To do
The lines from the one containing "Слайд 9Великая океанская" through the last line below, both ends included, must be reproduced exactly, with no pictures.

(Data records)
....................

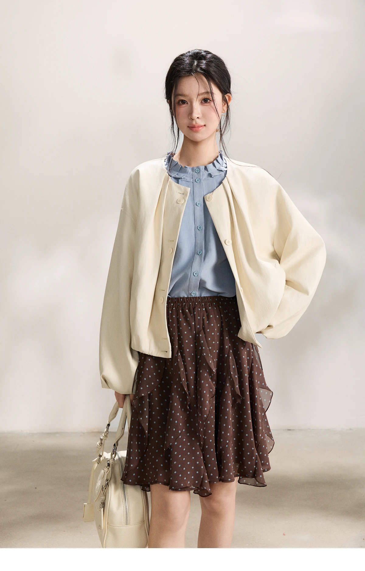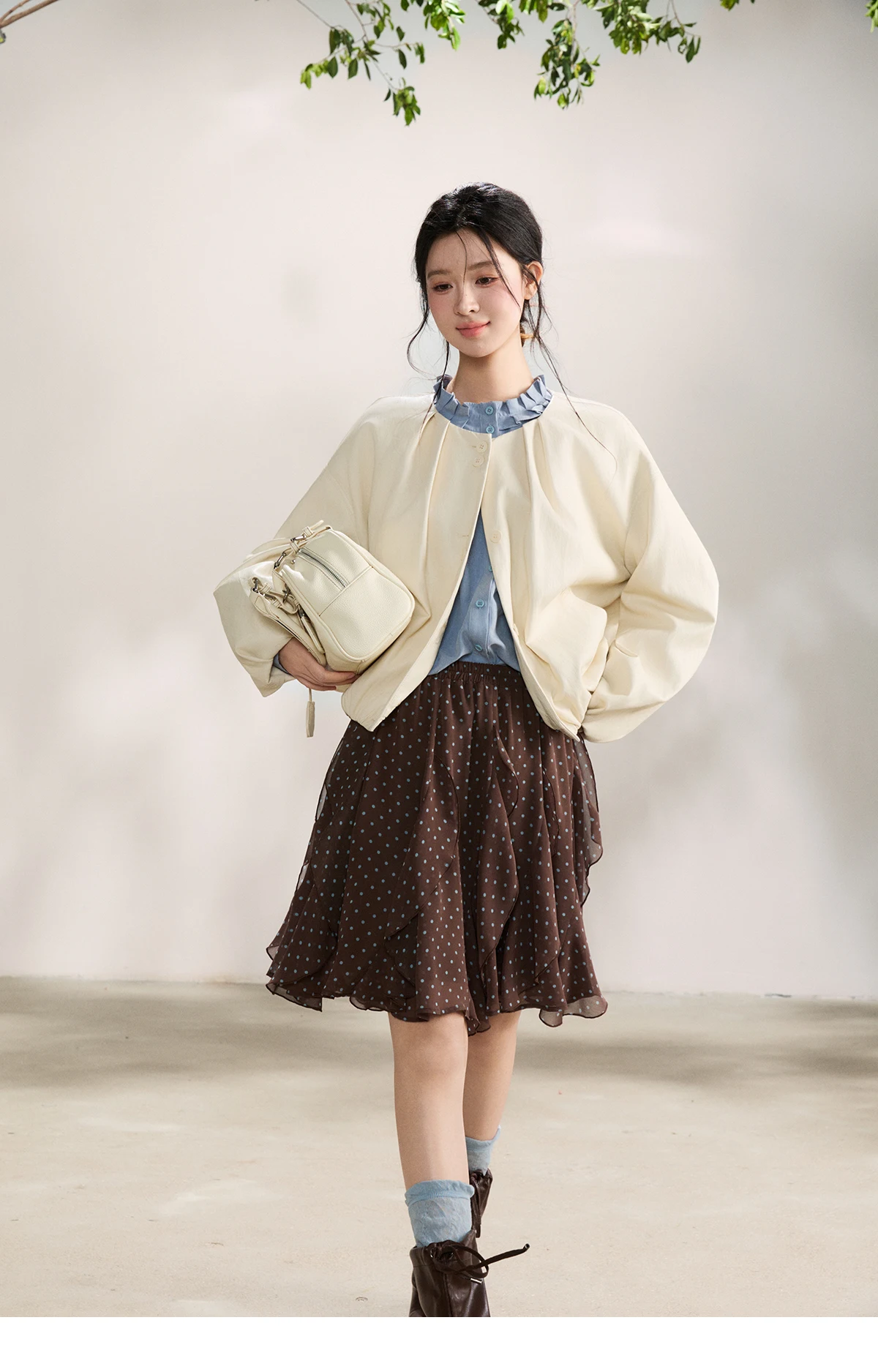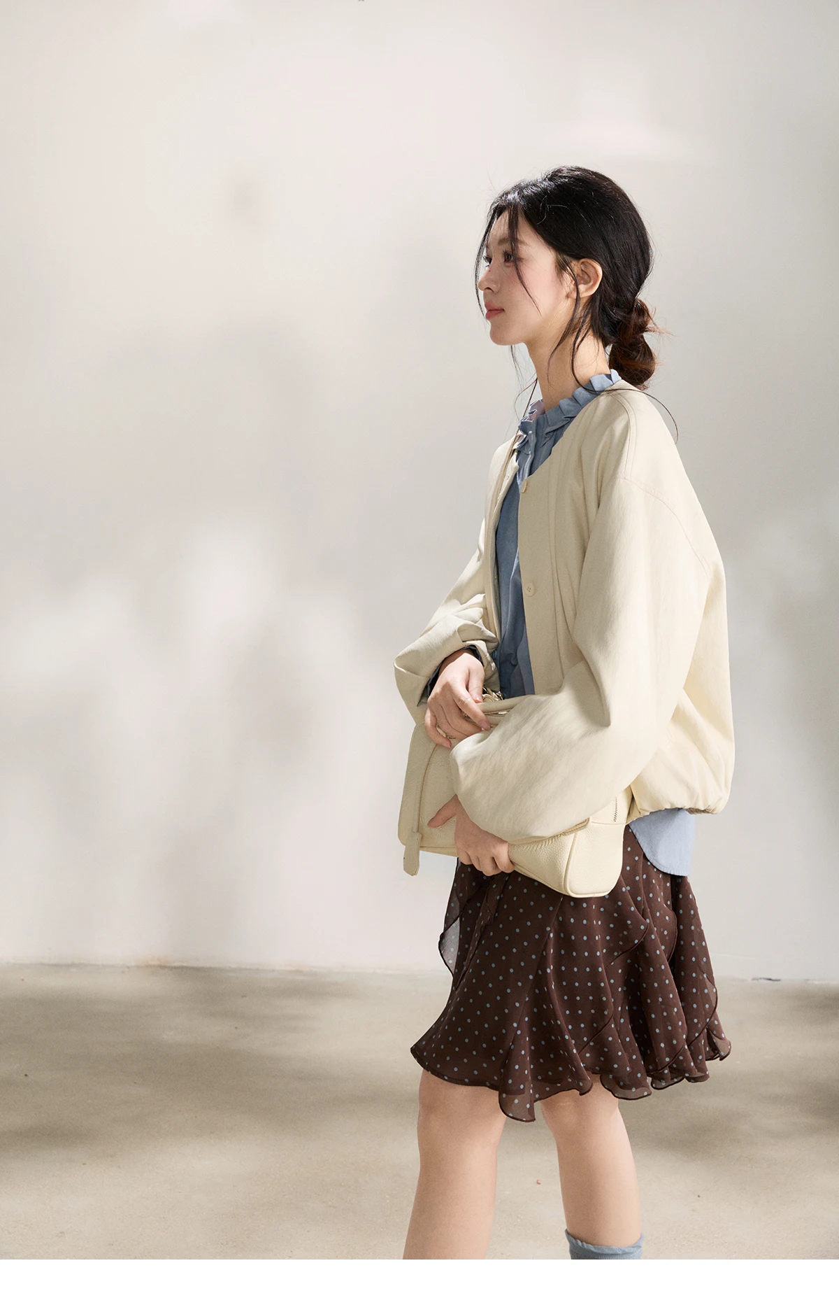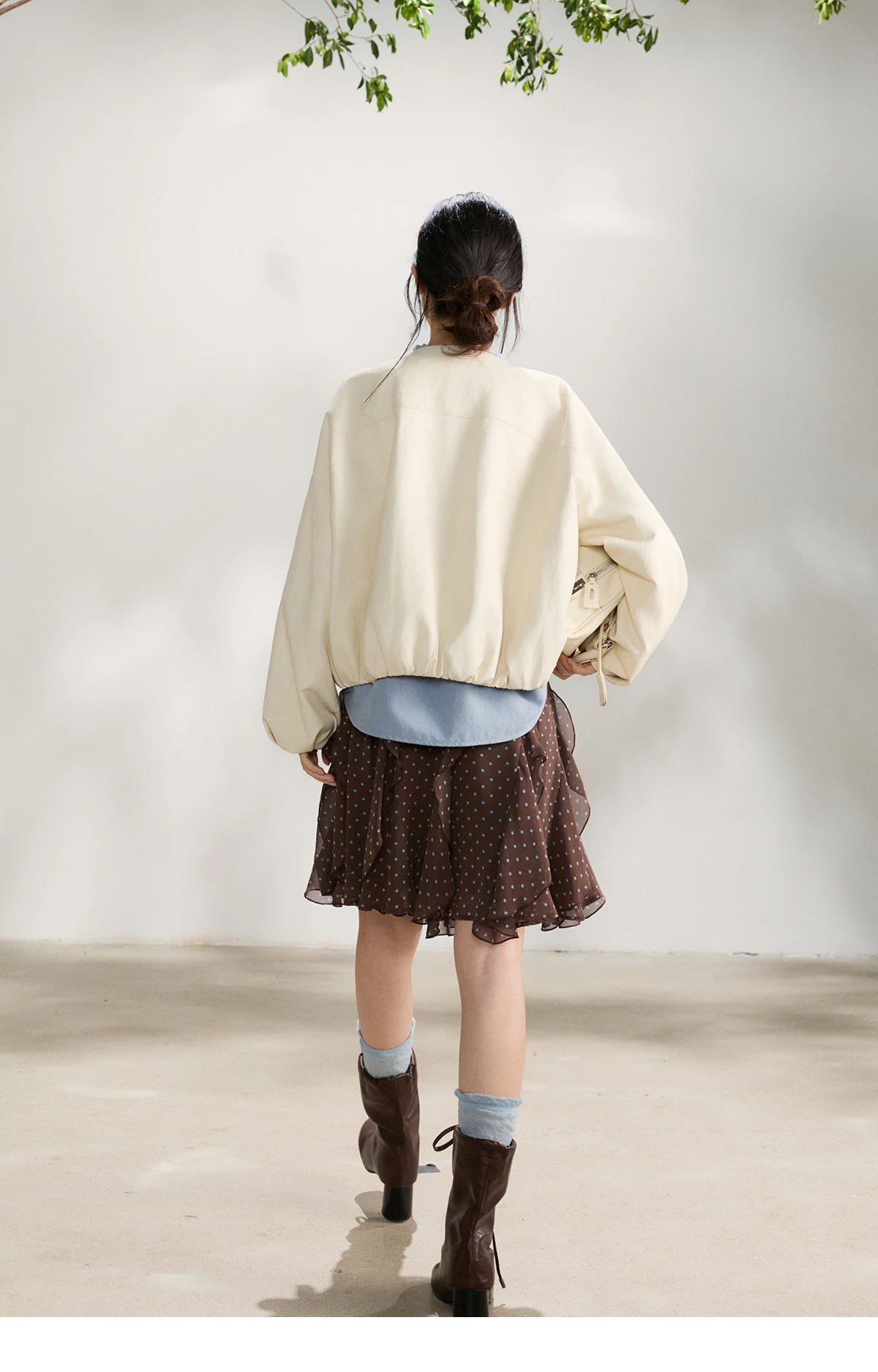 MISHOW Imitation Protein Skin Short Flower Bud Leather Jacket 2026 Spring Ruffled Collar Casual Loose Button-Up Coat MXF108W1019
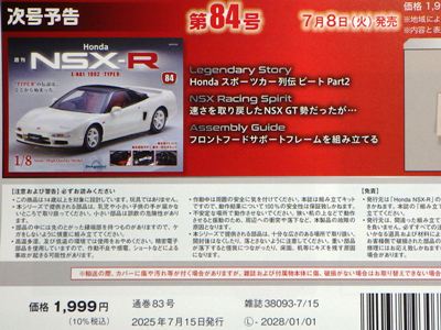 2025年7月15日に発送され、配達日指定日の7月20日に4号セットで届いた。 第83号の本来の発売日は7月1日(火)。パーツの内容はドアガラスR。 第84号の本来の発売日は7月8日(火)。パーツの内容はフロントフードサポートフレーム。 第85号の本来の発売日は7月15日(火)。パーツの内容はリアハッチフレーム。 第86号の本来の発売日は7月22日(火)。パーツの内容はリアハッチガラス。 |
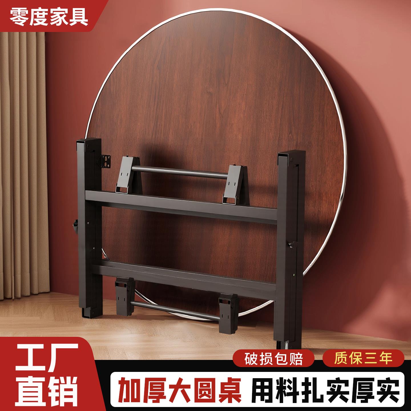 可折叠圆桌家用圆形餐桌带转盘简易小户型大圆桌面可移动10人饭桌
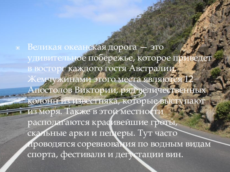 Слайд 9Великая океанская дорога — это удивительное побережье, которое приведет в восторг каждого
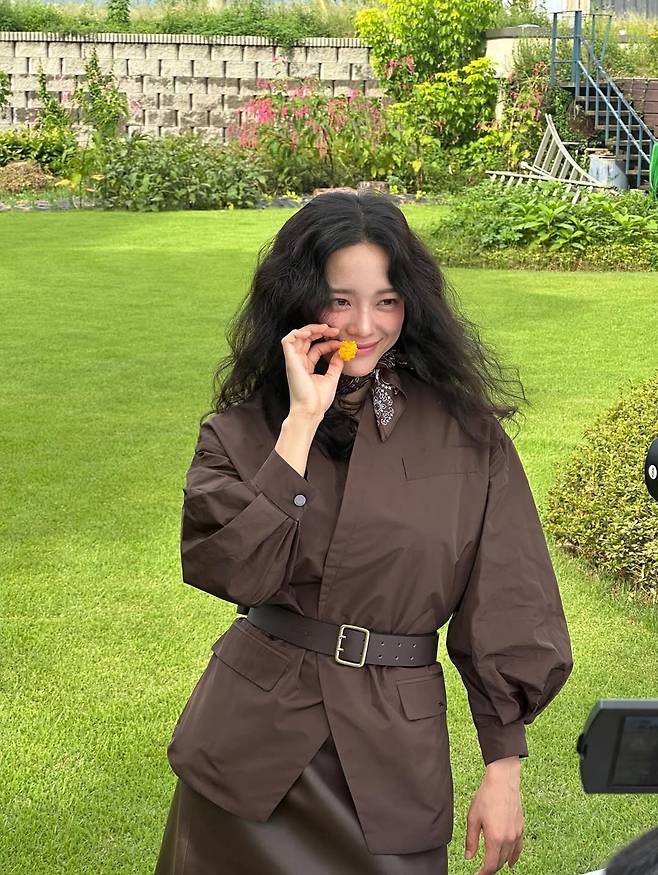 숲속의 햇살과 바람에 따라 생동감 있게 움직이며 '살아있는 여신' 같은 분위기를 연출했다.

....................

Exercise result
 Слайд 9Великая океанская дорога — это удивительное побережье, которое приведет в восторг каждого
 숲속의 햇살과 바람에 따라 생동감 있게 움직이며 '살아있는 여신' 같은 분위기를 연출했다.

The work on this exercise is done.